With these caveats, 15 mutations were predicted to be low risk but are reported to be defective in HIFα regulation experimentally (Supplementary Material, Table S18). None of these mutations have been described in VHL disease associated with ccRCC, suggesting that, in many cases, the extent of dysregulation of HIFα seen in experimental systems may not be enough for tumourigenesis. Paradoxically, D121Y and L153P have both been described several times in sporadic ccRCC and are reported to be defective in HIFα regulation, suggesting that in these cases our low-risk prediction may be incorrect. Five mutations were predicted to be high risk but have been reported to regulate HIFα similarly to WT VHL in experimental systems. Four of these (S80N, P81S, T157I and I180V) have all been described in VHL disease associated with ccRCC suggesting the mutations are high-risk despite appearing to regulate HIFα normally under certain experimental conditions. In certain situations, our predictions thus seem more sensitive than experimental data regarding HIFα regulation in terms of determining the probable pathogenic effect of a mutation. A finer structure–function analysis of pVHL could shed light on these incongruences between prediction, experiments and disease manifestation.

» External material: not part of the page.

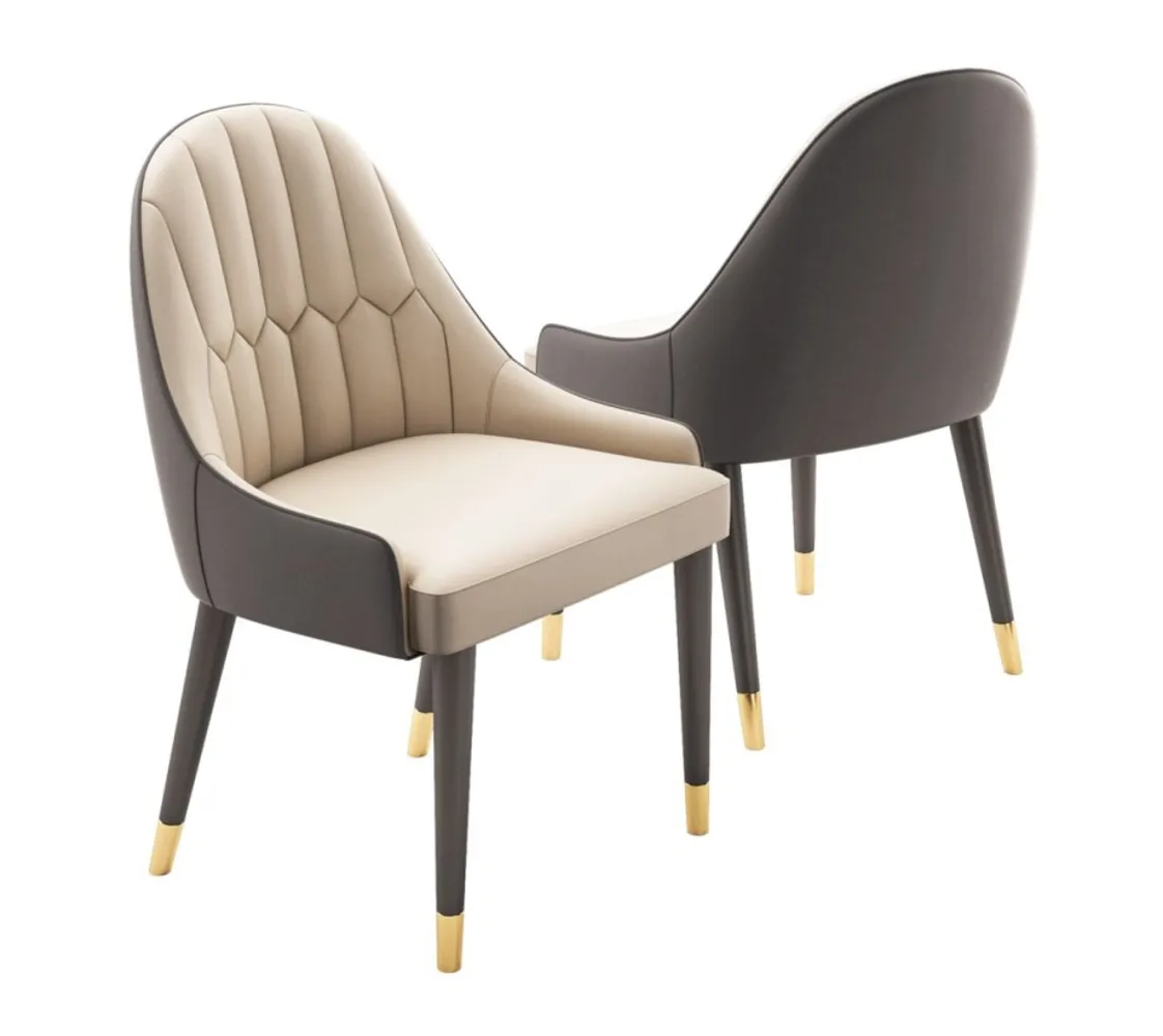 غرفة طعام تحتوى على : كرسي ومقعد وطاولة طعام حديثة.

Development of a publically available web server
We use symphony to generate predictions for risk of ccRCC for all possible VHL mutations. We present these predictions, in association with clinical and experimental data, in a publically available, searchable web server which can be freely accessed by research groups worldwide (http://structure.bioc.cam.ac.uk/symphony).
Linking predictions to clinicopathological features in cohort of patients with sporadic ccRCC
Previously, we have presented the results of targeted sequencing of VHL, BRCA1-associated protein-1 (BAP1), Polybromo 1 (PBRM1), SET domain containing 2 (SETD2) and lysine (K)-specific demethylase 6A (KDM6A) on 132 ccRCCs and matched normal tissues (58). Application of our integrated computational approach to somatic missense VHL mutations predicted 26 high-risk (76%) and 8 low-risk (24%) mutations. One mutation (R58W) affects a residue that is not in the VHL crystal structure and was excluded. There was no difference in clinicopathological features between ccRCCs with predicted pathogenic VHL alterations (high-risk missense mutations, nonsense or frameshift mutations or promoter methylation) and those without predicted pathogenic VHL alterations (including low-risk missense mutations) (Supplementary Material, Table S15).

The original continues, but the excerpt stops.